Pawl Paxwax father is called Toby Paxwax—but as far as I was concerned he was really Baron Harkonnen from Dune. He had many of the Baron’s attributes and for me the correspondence was too close. I kept expecting Paul Atreides instead of Pawl Paxwax; and again the spell was broken. I suppose that you could argue that any novel which is concerned with political complexities (as are both Dune and Master of Paxwax) is bound to have some sort of Harkonnen figure in it: the unprincipled manipulator. And I would agree with you, but does he have to float around in a harness? The reasons for the harness are completely different in both books (indeed they are almost exactly at opposite poles; which may or may not have been intentional) and the final effect of the harness on Toby Paxwax is nicely nasty—but I still don’t like it. It seemed derivative—and one thing that Master of Paxwax as a whole is not, is derivative. Therefore this one little touch of it annoyed me.

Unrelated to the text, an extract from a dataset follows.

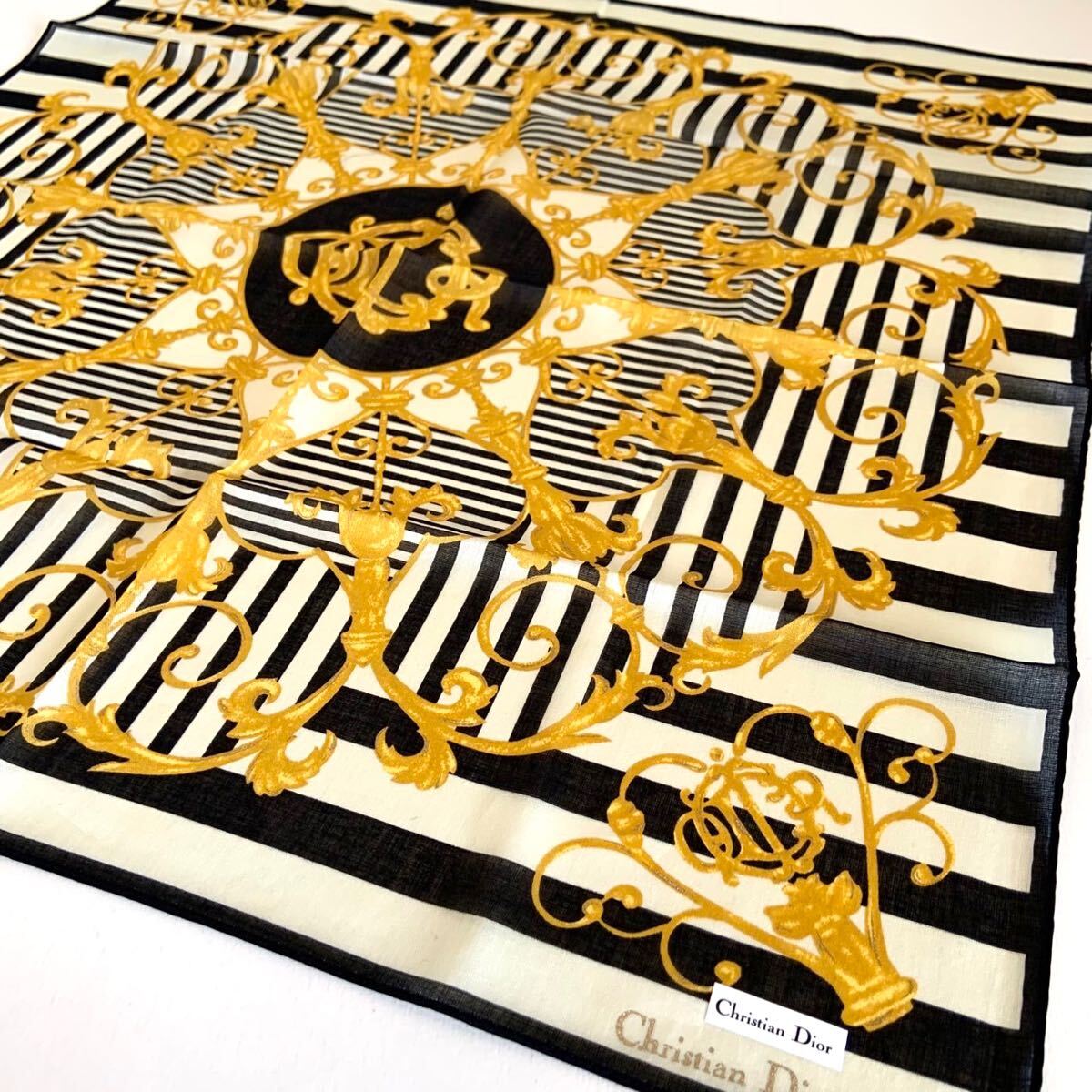 > 未使用 Christian Dior クリスチャンディオール 大判ハンカチ 約47.5×48cm 綿100% 総柄 ストライプ柄 ロゴ ハンカチ ミニスカーフ 鐘紡

But in the end, these are niggles, Master of Paxwax is a thoroughly enjoyable, exciting and interesting story. Eye of the Queen was all that and a bit more besides. Some days however, I prefer story values to any other; and the day that I read Master of Paxwax was one of those days. On that day I didn’t want to read Eye of the Queen. My mood was all wrong. It is the mark of a first class writer that he can produce different books for different times. Too many people write the same book over and over (Edgar Rice Burroughs wrote Princess of Mars about fifty times). That is a small talent. It is to Phillip Mann’s credit that his talent is a large one.

And now my cardboard boxes are calling me. I must go and unpack.